| Given records |
◇ ◇ ◇ ◇ ◇ ◇ ◇
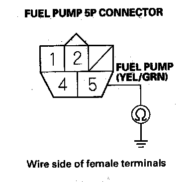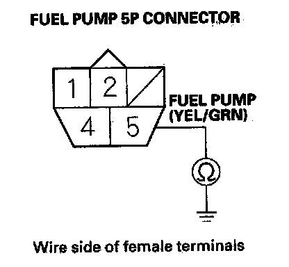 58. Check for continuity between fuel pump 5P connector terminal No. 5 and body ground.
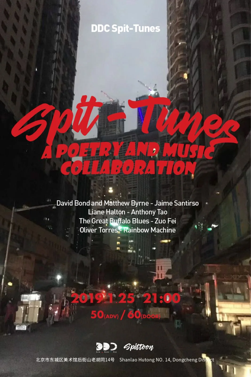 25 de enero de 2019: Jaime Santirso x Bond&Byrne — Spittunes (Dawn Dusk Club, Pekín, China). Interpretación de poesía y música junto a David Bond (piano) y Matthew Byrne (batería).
◇ ◇ ◇ ◇ ◇ ◇ ◇
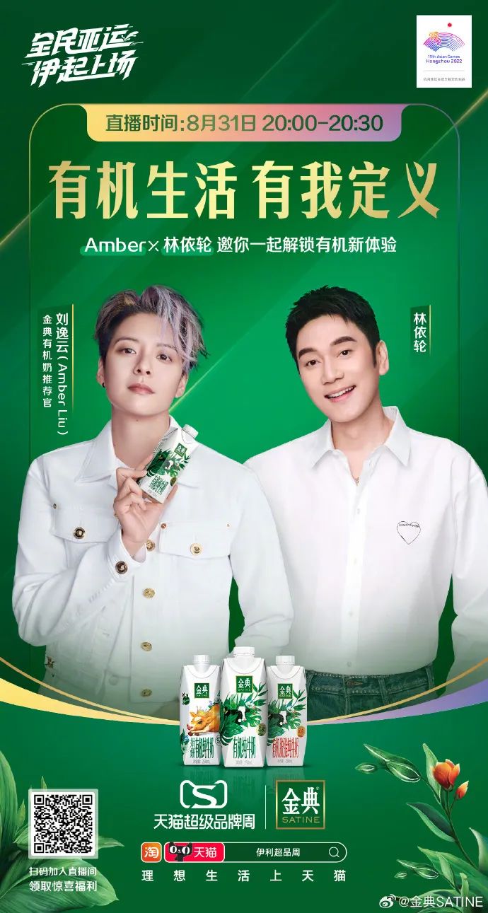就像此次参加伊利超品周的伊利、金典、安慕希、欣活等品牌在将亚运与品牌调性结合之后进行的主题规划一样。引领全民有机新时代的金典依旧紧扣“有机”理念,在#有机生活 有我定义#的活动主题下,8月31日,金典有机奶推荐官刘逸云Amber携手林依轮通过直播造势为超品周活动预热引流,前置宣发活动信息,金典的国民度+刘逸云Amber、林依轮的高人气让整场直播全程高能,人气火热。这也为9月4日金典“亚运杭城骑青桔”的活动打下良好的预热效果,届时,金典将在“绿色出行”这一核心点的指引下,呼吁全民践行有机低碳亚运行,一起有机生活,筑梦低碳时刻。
◇ ◇ ◇ ◇ ◇ ◇ ◇
| Directions |
Would you copy, word for word, only the lines above from the one containing "58. Check for" through the one containing "25 de enero", both included, and please leave out the pictures?

| Written reply |
 58. Check for continuity between fuel pump 5P connector terminal No. 5 and body ground.
 25 de enero de 2019: Jaime Santirso x Bond&Byrne — Spittunes (Dawn Dusk Club, Pekín, China). Interpretación de poesía y música junto a David Bond (piano) y Matthew Byrne (batería).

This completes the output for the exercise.